Assignment:
Leave out the pictures, then return the records word for word.

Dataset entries

|---|

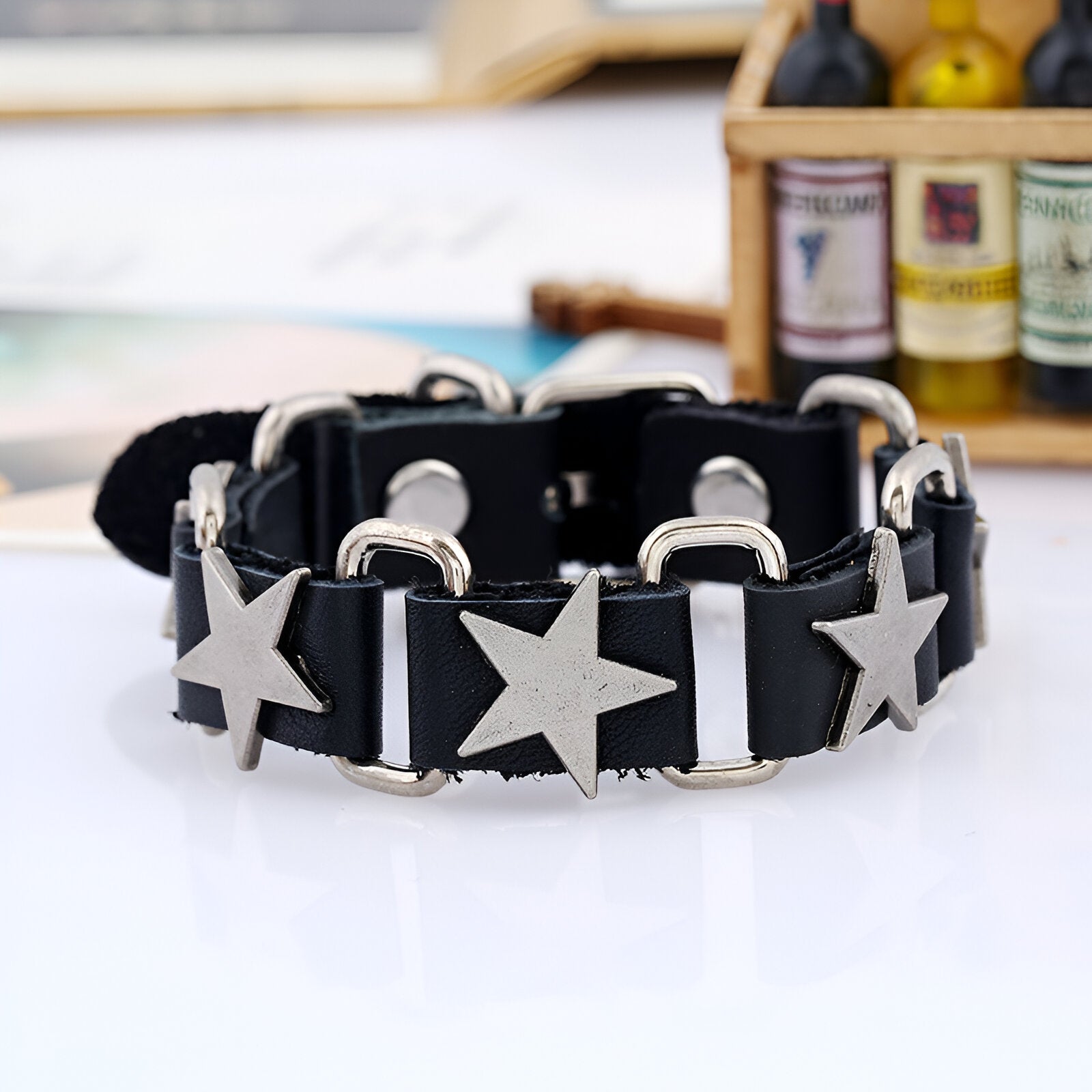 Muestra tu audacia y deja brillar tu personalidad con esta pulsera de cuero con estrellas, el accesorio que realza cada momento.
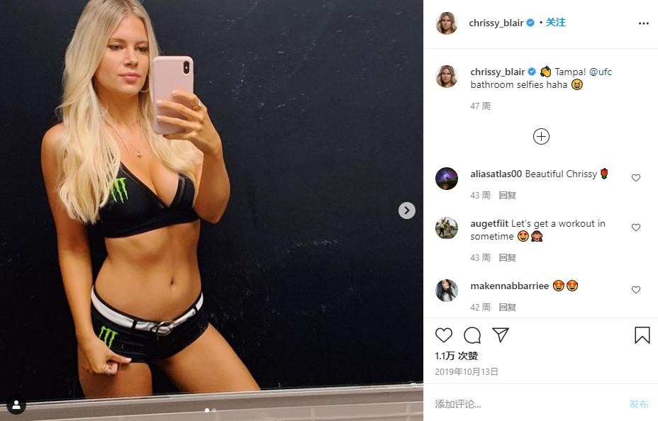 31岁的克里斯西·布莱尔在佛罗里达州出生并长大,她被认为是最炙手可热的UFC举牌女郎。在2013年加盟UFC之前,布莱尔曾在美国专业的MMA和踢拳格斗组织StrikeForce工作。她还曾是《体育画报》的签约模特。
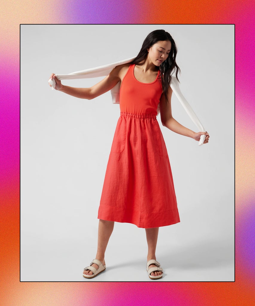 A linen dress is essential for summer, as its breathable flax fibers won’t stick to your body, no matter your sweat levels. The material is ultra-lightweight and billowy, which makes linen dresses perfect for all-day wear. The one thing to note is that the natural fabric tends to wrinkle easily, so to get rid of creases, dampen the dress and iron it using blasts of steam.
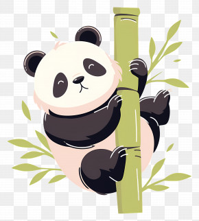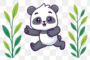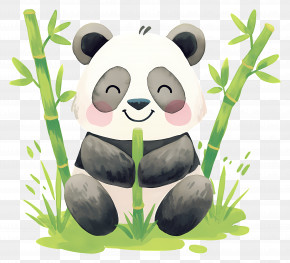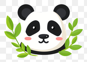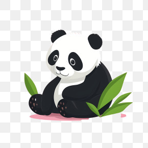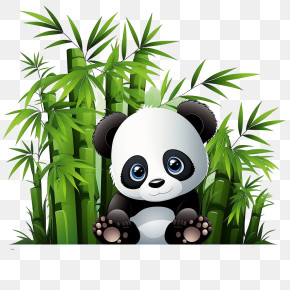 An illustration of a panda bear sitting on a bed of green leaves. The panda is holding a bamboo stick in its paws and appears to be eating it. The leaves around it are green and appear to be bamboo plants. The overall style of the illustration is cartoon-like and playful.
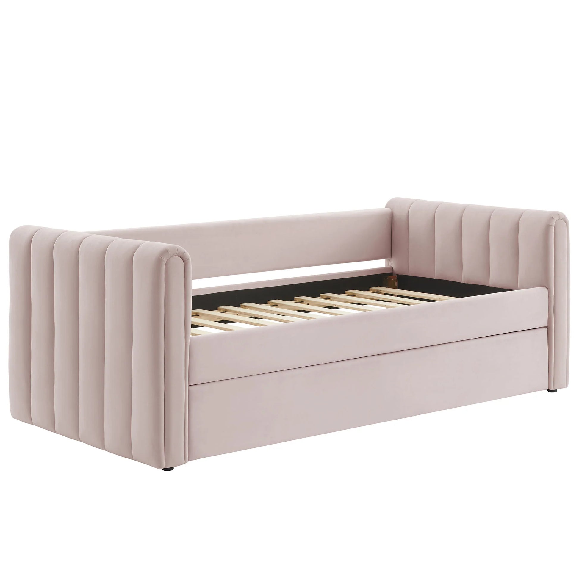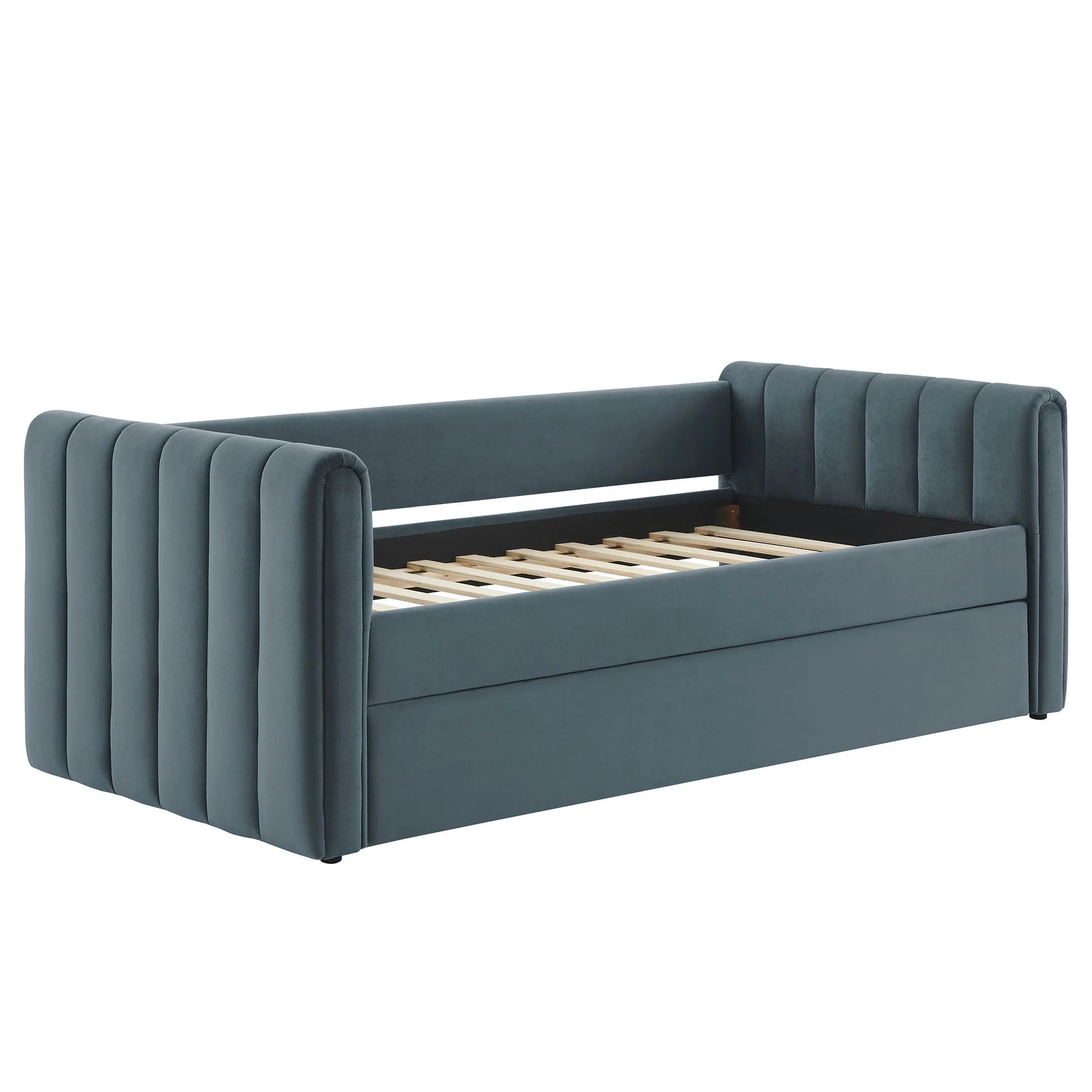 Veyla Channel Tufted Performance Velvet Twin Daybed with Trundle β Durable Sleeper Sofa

|---|

Task result:
 Muestra tu audacia y deja brillar tu personalidad con esta pulsera de cuero con estrellas, el accesorio que realza cada momento.
 31岁的克里斯西·布莱尔在佛罗里达州出生并长大,她被认为是最炙手可热的UFC举牌女郎。在2013年加盟UFC之前,布莱尔曾在美国专业的MMA和踢拳格斗组织StrikeForce工作。她还曾是《体育画报》的签约模特。
 A linen dress is essential for summer, as its breathable flax fibers won’t stick to your body, no matter your sweat levels. The material is ultra-lightweight and billowy, which makes linen dresses perfect for all-day wear. The one thing to note is that the natural fabric tends to wrinkle easily, so to get rid of creases, dampen the dress and iron it using blasts of steam.
 An illustration of a panda bear sitting on a bed of green leaves. The panda is holding a bamboo stick in its paws and appears to be eating it. The leaves around it are green and appear to be bamboo plants. The overall style of the illustration is cartoon-like and playful.
 Veyla Channel Tufted Performance Velvet Twin Daybed with Trundle β Durable Sleeper Sofa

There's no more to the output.